Providing more insights, Anupama Reddy, Vice President and Co-Group Head, Corporate Ratings, ICRA, said: “The key triggers for digital explosion in India are the increasing internet and mobile penetration, the Government’s thrust on e-governance/digital India, adoption of new technologies (cloud computing, IoT, 5G etc), growing user base for social media, gaming, e-commerce and OTT platforms. This, coupled with favourable regulatory policies viz. the draft Digital Data Protection Bill 2022, providing infrastructure status to data centres, special incentives from Central and state governments like land at subsidised cost, power subsidies, exemptions on stamp duty, discounts on usage of renewable energy and procurement of IT components made locally, and other concessions are expected to boost DC investments in the country.”

“ICRA expects the sector to witness a six-fold increase in capacities in the next six years, withMumbai, Hyderabad and NCR to account for 70-75% of the installed DC capacity. The presence of landing stations, fibre connectivity, uninterrupted power supply, proximity to tenant’s headquarters and high score on disaster proofing are some of the key parameters a DC operator would look for in a location. Mumbai and Chennai have maximum landing stations, with the former being the preferred location for a DC operator. Chennai’s reputation took a dent due to the floods of 2017 and 2018. The other key emerging locations are Hyderabad and Pune, wherein some of the large hyper scalers are setting up huge DCs closer to their operation bases in India,” Reddy added.

Given the ESG considerations for most of the key tenants, DC players are also expected to invest in green power to meet their power requirements. The industry revenues are expected to increase at a CAGR of around 17-19% during FY2023-FY2025 (24.5% CAGR growth during FY2018-FY2022), supported by an increase in capacity utilisation and ramp-up of new DCs. With increase in revenues and better absorption of fixed costs, operating margins are likely to improve and remain in the range of 43%-45% during the next three years.

The ROCE is expected to remain modest as the DC players are in the midst of a large capex programme wherein the ramp-up of the DCs is likely to happen over a period of time. The increasing competitive intensity is expected to exert pressure on margins for incremental business. This, along with the large debt-funded capex, could exert pressure on the credit metrics of the players.

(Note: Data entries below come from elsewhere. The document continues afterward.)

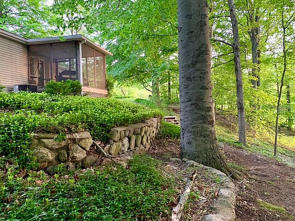 If you are looking for your own private paradise look no further. This home has been lovingly cared for and sits on top of 5 beautiful wooded acres. Beautiful views from every area. This home is perfect for anyone who loves to bird watch, hunt, mushroom hunt, owns a business, works on cars or just enjoys the seclusion this property offers. You are just minutes to shops and dining as well as toll road or bypass but nestled in your own quiet paradise. Detached 2 car garage as well as attached extended 1 car garage with floor drains and is plumbed for generator. Deck on front of home overlooking property as well as Sunroom on side of home are great places to sit out and enjoy each day. This home offers just under 1500 square feet on the main level with 3 bedrooms and 2 full baths. Hardwood flooring is in living room, bedrooms, dining room and is under carpet in hallways. Large kitchen with eat in dining area, all appliances will stay. Lower level has 1/2 bathroom and laundry area as well as a large finished rec room which is used as a theatre room. Outside you will love all of the trails, firepit area, and all of the nature surrounding you. Do not miss your opportunity to view this home.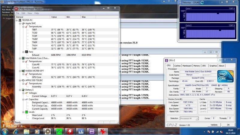 De interne temperaturen na een aantal uur extreme belasting zijn slechts lichtelijk aan de kritieke kant voor de grafische kaart volgens de geïntegreerde sensors. Dit is echter wel nadat de laptop tot het uiterste is gedreven met een constante Furmark test. De twee processors zitten ver van hun theoretisch maximum (105°C volgens Intel) met een temperatuur van 78°C volgens de interne sensors.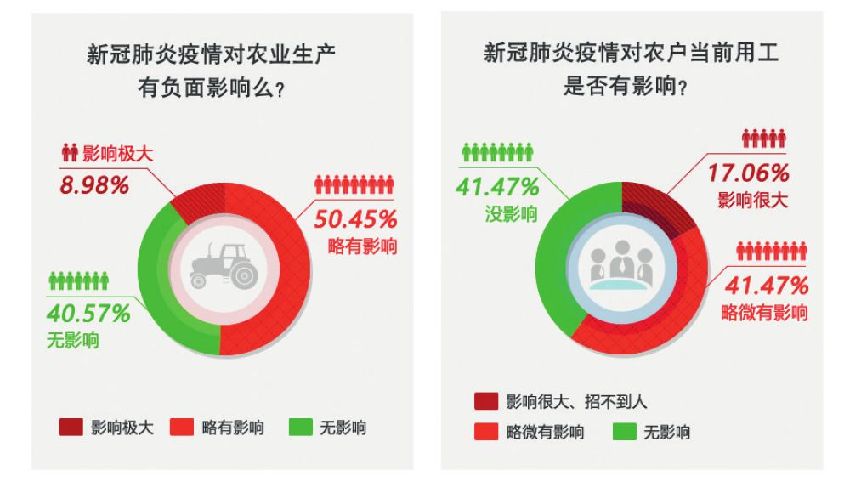 557份有效問卷數(shù)據(jù)顯示,8.98%的農(nóng)戶認(rèn)為疫情對(duì)農(nóng)業(yè)生產(chǎn)負(fù)面影響極大,50.45%的農(nóng)戶認(rèn)為略有影響。在疫情對(duì)用工影響上,17.06%的農(nóng)戶反映影響大、招不到人,41.47%的農(nóng)戶認(rèn)為略微有影響。(見圖1)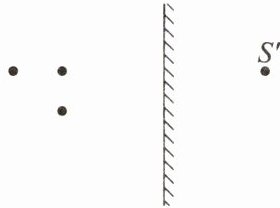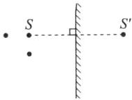 2. 如图所示,S'为点光源S在平面镜中所成的像,点光源S为图中平面镜左侧三点中的某一点,请利用平面镜成像特点作图确定点光源的位置并标出S。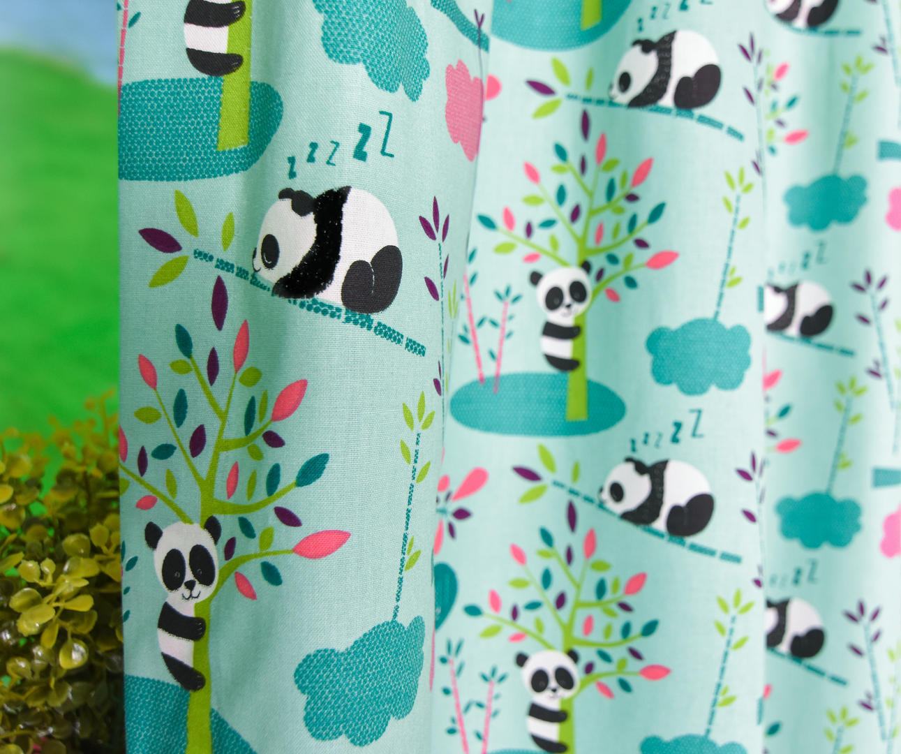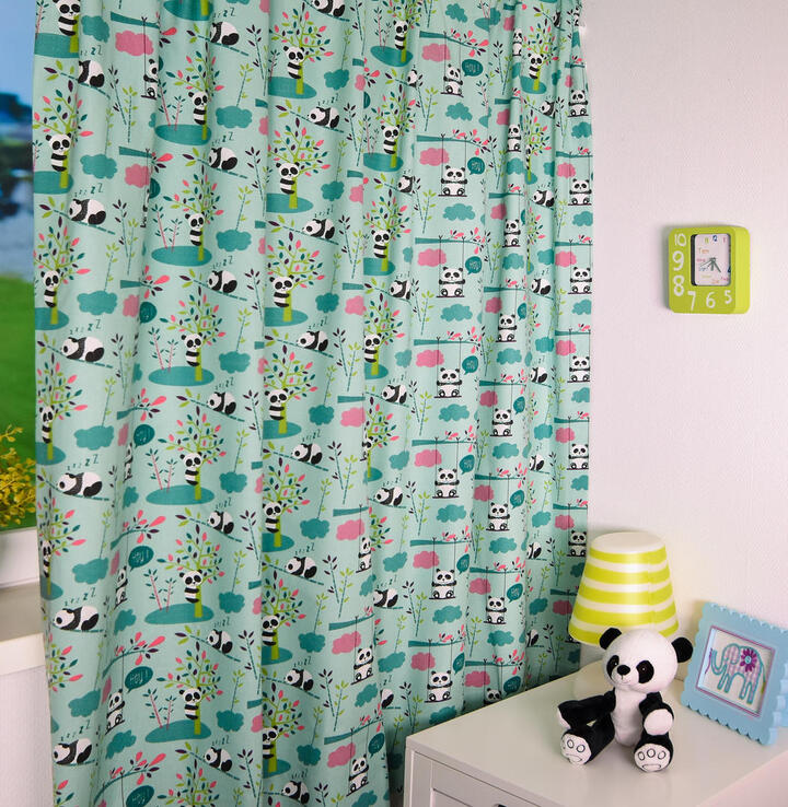 Ahhh om te smelten, wat een schattige reuzenpanda’s! In het wild leven pandaberen alleen in Azië. China om precies te zijn en daar eten zij de hele dag door verse bamboeblaadjes. Ze hebben een dikke vacht omdat de winter in de Chinese bergen erg koud is. Gelukkig heb jij vast een héérlijk warme slaapkamer voor deze berenfamilie. De panda’s zijn zo’n 5 cm groot. De gordijnstof is leverbaar in 2 frisse kleuren en kan naar wens gevoerd worden.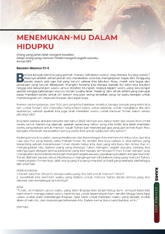 1. Dalam satu hari (24 jam), berapa waktu yang kita beri untuk mencari Tuhan? KAMIS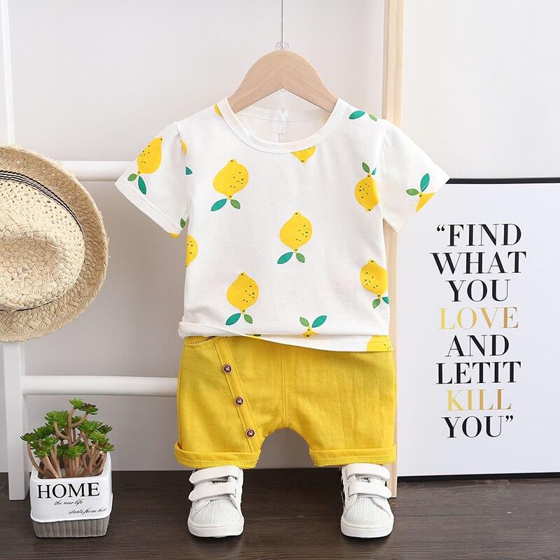 Baby Boys Girls Summer Clothes Fashion Cotton T-shirt Infant Printed Pineapple Suit for Children Top + Shorts Casual Outfits

The Government has withdrawn the draft Personal Data Protection Bill in August 2022 after five years and rolled out a new draft Bill, titled the Digital Personal Data Protection Bill 2022 in November 2022.“The new Bill has increased penalty for breaches and eased cross-border data flows where data can be stored in trusted nations compared to the earlier Bill, which had mandatory requirement for storage of personal data locally. The impact of the new Bill on demand for data centres in India remains to be seen,” concluded Reddy.